Write out, word for word and with no pictures, each line below from the one containing "This function allows" through the one containing "Edeltanne, Zweig mit", both included, and no other line.

■ **Material shown**
********************
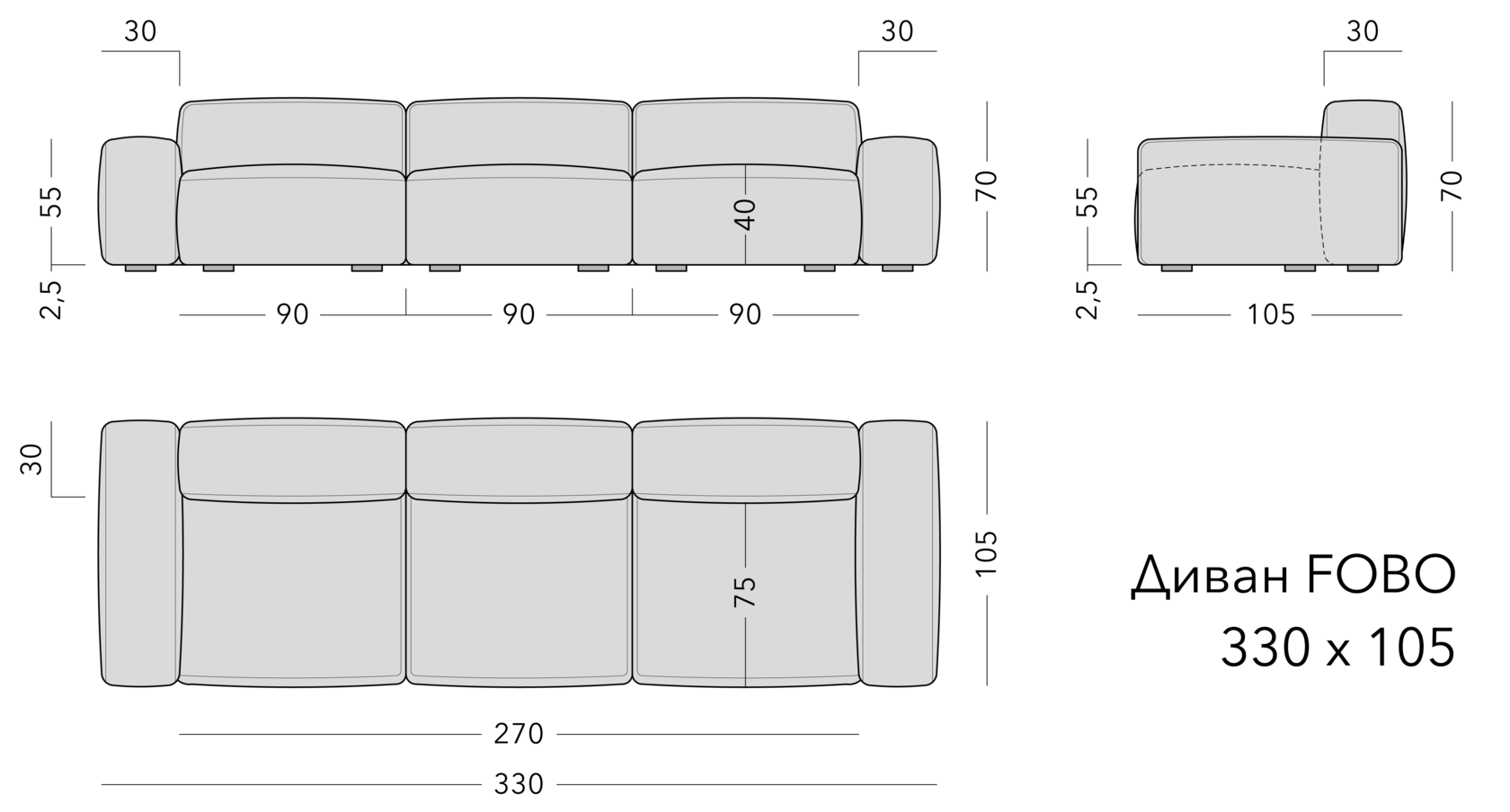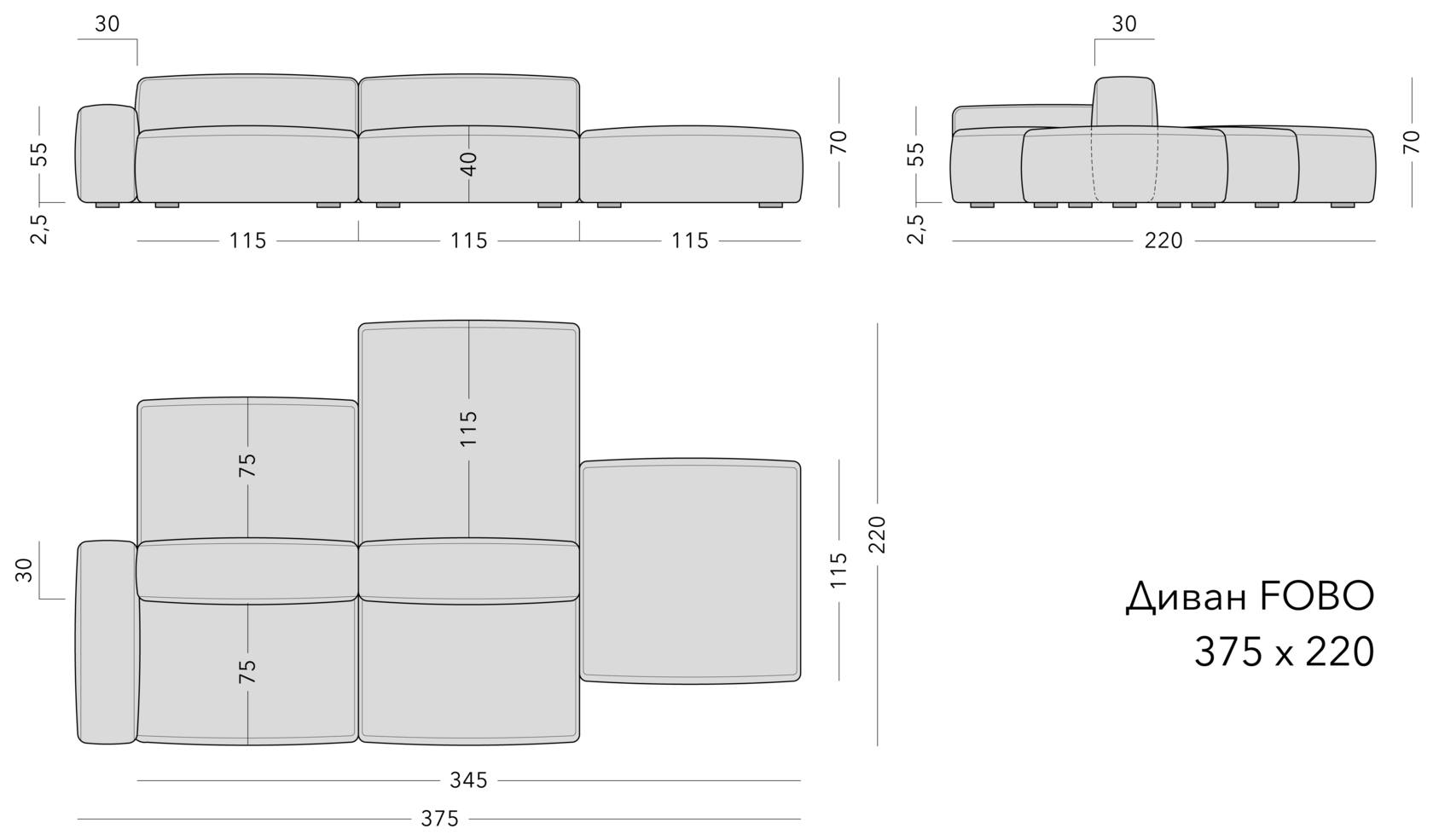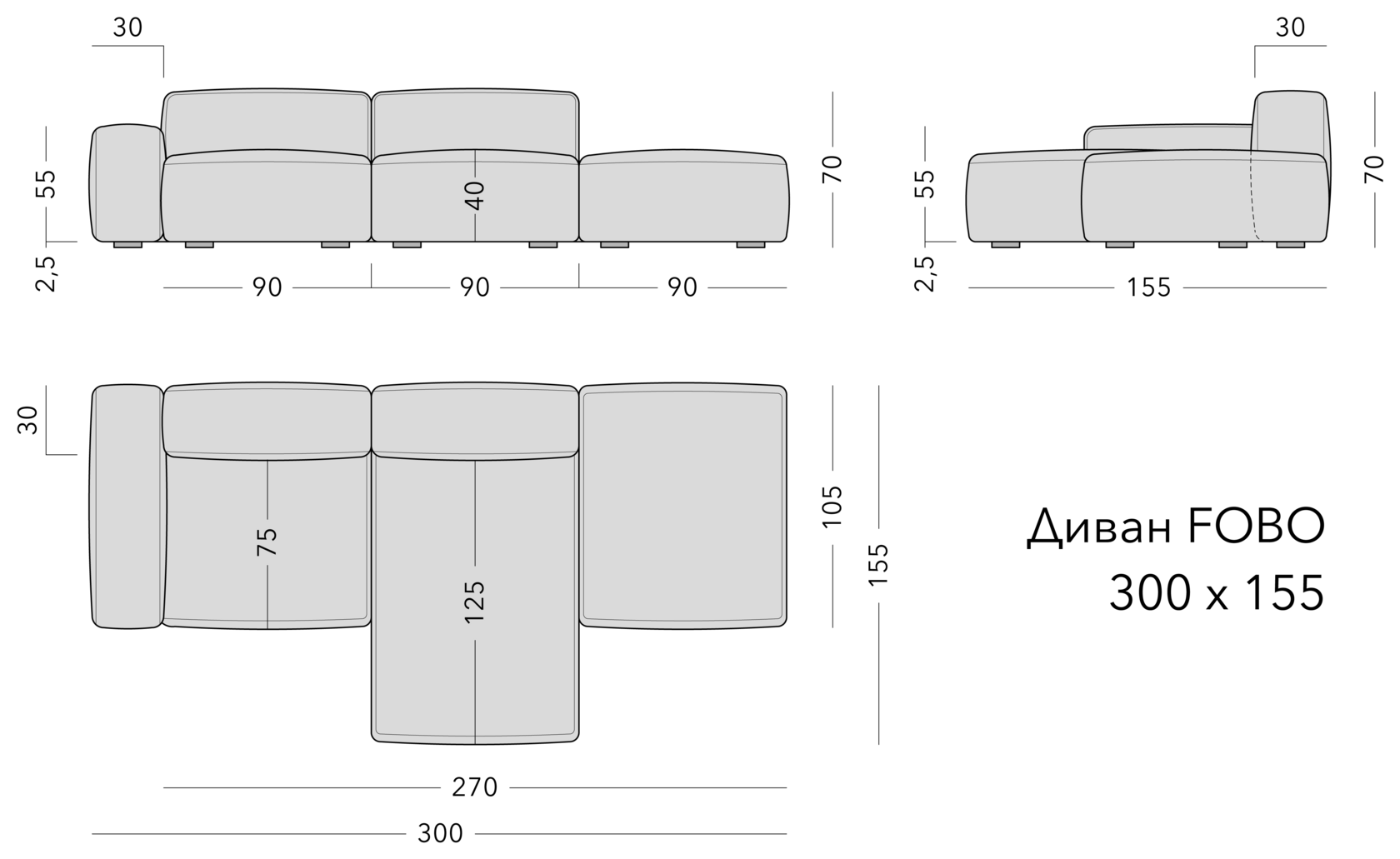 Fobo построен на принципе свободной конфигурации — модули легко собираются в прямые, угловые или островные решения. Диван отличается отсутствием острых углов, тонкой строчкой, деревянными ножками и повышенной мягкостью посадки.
********************
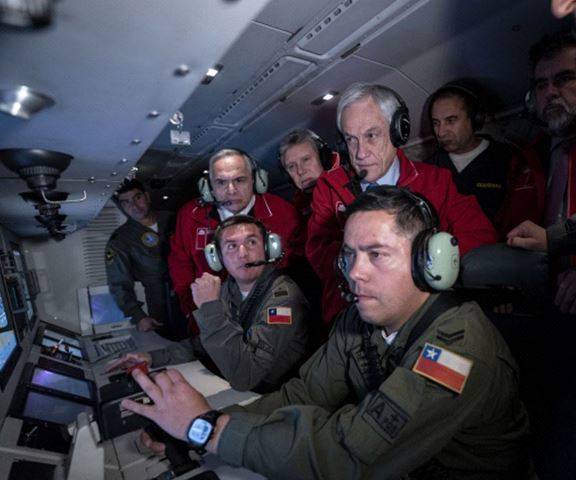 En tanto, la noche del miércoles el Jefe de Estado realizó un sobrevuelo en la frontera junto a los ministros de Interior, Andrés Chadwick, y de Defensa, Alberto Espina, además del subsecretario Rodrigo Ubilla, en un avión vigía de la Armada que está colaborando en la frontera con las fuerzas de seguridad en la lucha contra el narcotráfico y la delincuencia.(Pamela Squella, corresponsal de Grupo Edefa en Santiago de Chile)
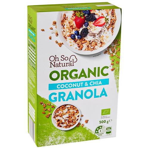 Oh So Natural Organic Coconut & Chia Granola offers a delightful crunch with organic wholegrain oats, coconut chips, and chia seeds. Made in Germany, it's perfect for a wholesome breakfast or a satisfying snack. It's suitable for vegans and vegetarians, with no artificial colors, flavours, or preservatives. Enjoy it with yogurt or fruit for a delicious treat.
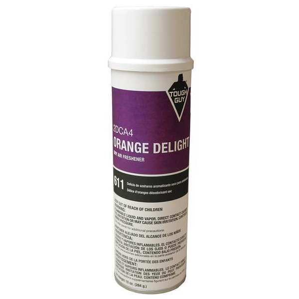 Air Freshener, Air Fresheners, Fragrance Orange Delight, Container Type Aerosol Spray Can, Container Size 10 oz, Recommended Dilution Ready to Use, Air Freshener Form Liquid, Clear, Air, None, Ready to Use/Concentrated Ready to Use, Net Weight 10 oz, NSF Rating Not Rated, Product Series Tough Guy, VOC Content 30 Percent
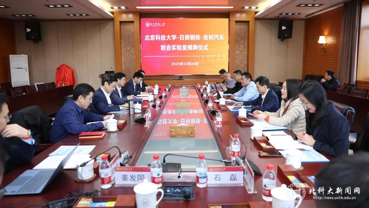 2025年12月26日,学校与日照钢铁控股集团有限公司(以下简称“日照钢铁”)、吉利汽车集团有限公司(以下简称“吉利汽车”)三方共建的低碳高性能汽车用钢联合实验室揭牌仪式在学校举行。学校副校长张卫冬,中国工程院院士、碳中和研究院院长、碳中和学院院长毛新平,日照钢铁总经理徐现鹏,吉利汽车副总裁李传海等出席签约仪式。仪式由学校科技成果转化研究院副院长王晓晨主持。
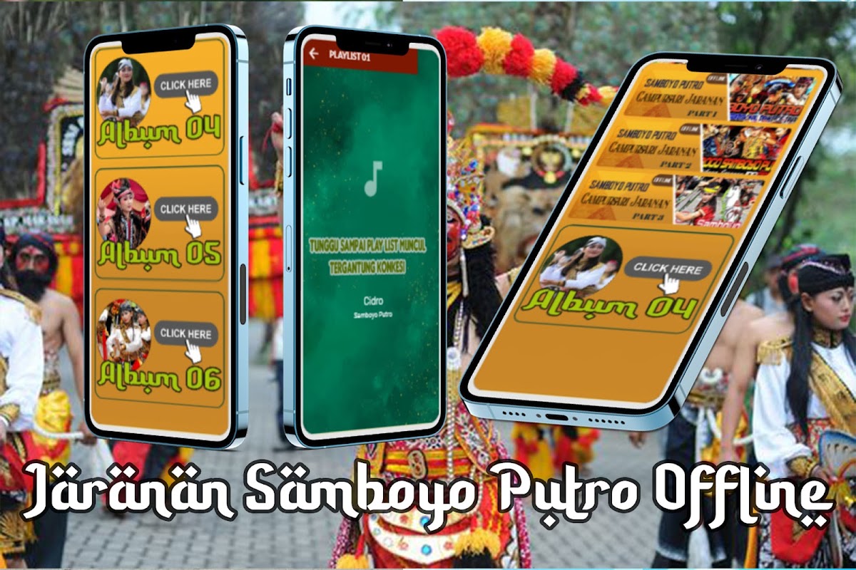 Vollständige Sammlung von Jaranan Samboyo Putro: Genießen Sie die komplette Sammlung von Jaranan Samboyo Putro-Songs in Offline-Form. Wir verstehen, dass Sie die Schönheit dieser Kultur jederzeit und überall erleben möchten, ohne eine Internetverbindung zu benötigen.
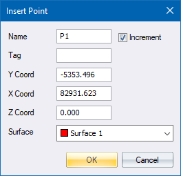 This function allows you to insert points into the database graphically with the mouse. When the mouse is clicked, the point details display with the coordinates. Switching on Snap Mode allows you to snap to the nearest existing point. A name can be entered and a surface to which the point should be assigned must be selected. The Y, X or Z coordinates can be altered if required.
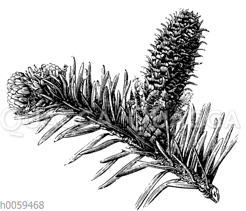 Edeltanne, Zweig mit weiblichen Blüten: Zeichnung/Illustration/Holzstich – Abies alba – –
********************
■ **Result for this task**
 This function allows you to insert points into the database graphically with the mouse. When the mouse is clicked, the point details display with the coordinates. Switching on Snap Mode allows you to snap to the nearest existing point. A name can be entered and a surface to which the point should be assigned must be selected. The Y, X or Z coordinates can be altered if required.
 Edeltanne, Zweig mit weiblichen Blüten: Zeichnung/Illustration/Holzstich – Abies alba – –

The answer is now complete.